ASSIGNMENT —
The line containing "You can't help" marks where copying starts, so set down that line and each one after it exactly, through the end of the records.

DATASET EXCERPTS —
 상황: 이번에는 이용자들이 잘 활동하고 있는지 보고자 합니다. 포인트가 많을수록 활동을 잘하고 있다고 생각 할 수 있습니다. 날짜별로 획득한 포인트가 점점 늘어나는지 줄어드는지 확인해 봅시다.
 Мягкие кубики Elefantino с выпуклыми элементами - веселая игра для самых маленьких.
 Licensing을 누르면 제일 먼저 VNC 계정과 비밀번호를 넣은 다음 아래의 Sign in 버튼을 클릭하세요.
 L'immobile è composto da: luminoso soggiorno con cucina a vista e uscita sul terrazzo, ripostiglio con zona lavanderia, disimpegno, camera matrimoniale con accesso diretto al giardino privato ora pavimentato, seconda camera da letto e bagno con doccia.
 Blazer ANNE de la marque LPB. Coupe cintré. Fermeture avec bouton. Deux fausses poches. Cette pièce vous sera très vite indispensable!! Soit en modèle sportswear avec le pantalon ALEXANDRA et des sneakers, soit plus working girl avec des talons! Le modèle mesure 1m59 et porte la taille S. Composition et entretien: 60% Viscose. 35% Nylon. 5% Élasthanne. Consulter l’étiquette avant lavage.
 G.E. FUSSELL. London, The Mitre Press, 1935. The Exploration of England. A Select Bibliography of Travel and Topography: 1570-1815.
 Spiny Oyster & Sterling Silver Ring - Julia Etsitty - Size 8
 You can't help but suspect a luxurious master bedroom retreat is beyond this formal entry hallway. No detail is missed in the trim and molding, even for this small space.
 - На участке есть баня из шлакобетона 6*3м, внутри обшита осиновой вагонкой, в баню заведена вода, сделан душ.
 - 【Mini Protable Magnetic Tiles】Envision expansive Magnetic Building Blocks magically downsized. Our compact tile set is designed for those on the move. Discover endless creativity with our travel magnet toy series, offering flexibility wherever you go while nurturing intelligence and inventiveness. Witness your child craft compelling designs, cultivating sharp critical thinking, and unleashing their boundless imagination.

SOLUTION —
 You can't help but suspect a luxurious master bedroom retreat is beyond this formal entry hallway. No detail is missed in the trim and molding, even for this small space.
 - На участке есть баня из шлакобетона 6*3м, внутри обшита осиновой вагонкой, в баню заведена вода, сделан душ.
 - 【Mini Protable Magnetic Tiles】Envision expansive Magnetic Building Blocks magically downsized. Our compact tile set is designed for those on the move. Discover endless creativity with our travel magnet toy series, offering flexibility wherever you go while nurturing intelligence and inventiveness. Witness your child craft compelling designs, cultivating sharp critical thinking, and unleashing their boundless imagination.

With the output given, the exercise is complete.